Open-World Semantic Segmentation Including Class Similarity
Matteo Sodano, Federico Magistri, Lucas Nunes, Jens Behley, Cyrill Stachniss
TL;DR
This work tackles open-world semantic segmentation by jointly handling anomaly segmentation and novel class discovery within a single, lightweight encoder–decoder network. It introduces a dual-decoder architecture: a semantic decoder that learns per-class feature descriptors to push known-class features toward fixed prototypes, and a contrastive decoder that, via the objectosphere and contrastive losses, separates unknown regions while enabling pixel-level anomaly scoring. Unknown pixels are clustered into new classes using a post-processing phase that stores activation vectors and updates class prototypes, while a Gaussian similarity model provides a measure of how unknowns relate to known categories. Extensive experiments on SegmentMeIfYouCan and BDDAnomaly show state-of-the-art anomaly segmentation performance, strong open-world segmentation capability, and credible class-similarity predictions, with ablations confirming the value of the feature-space losses and Gaussian post-processing.

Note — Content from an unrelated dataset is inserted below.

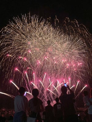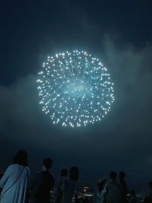 みんなのブログ · 17日 7月 2024 花火 この三連休の間に地元の花火大会がありました。 梅雨が明けておらず、前日から雨続きで今年は中止になるのではと思い スマホで雨雲レーダーを定期的に確認する一日でした。 開始30分前に現場に行きましたが、まだ雨が降っており、傘をさしてうろうろしていると なんと雨がやんできたのです。 おかげで曇り空の涼しい中で花火を見ることができたので、ちょうど良かったかなと。 無事花火があがり始めましたが、水たまりに映る花火も素敵でしたね。 150m程先の堤防から打ち上げていますので、いつもながら迫力は十分ですね! 最後は大盛り上がりでフィニッシュです! 今年も夏が来たなって感じです。 D.Ikeda tagPlaceholderカテゴリ: みんなのブログ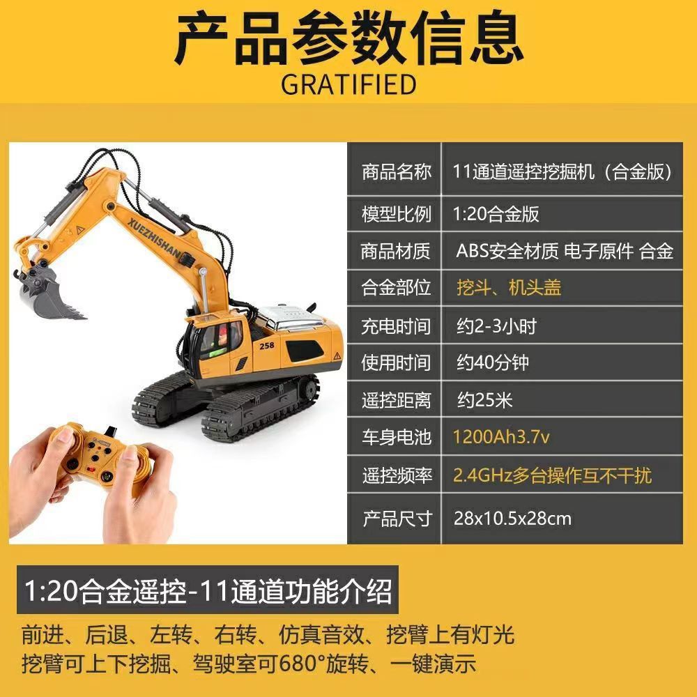 Control remoto para niños, excavadora de 11 vías, camión de ingeniería, excavadora de aleación, camión volquete, topadora, juguetes transfronterizos, una generación

Overall, the approach advances practical open-world scene understanding with robust detection of novel objects and meaningful similarity signals for downstream planning and mapping.
Abstract
Interpreting camera data is key for autonomously acting systems, such as autonomous vehicles. Vision systems that operate in real-world environments must be able to understand their surroundings and need the ability to deal with novel situations. This paper tackles open-world semantic segmentation, i.e., the variant of interpreting image data in which objects occur that have not been seen during training. We propose a novel approach that performs accurate closed-world semantic segmentation and, at the same time, can identify new categories without requiring any additional training data. Our approach additionally provides a similarity measure for every newly discovered class in an image to a known category, which can be useful information in downstream tasks such as planning or mapping. Through extensive experiments, we show that our model achieves state-of-the-art results on classes known from training data as well as for anomaly segmentation and can distinguish between different unknown classes.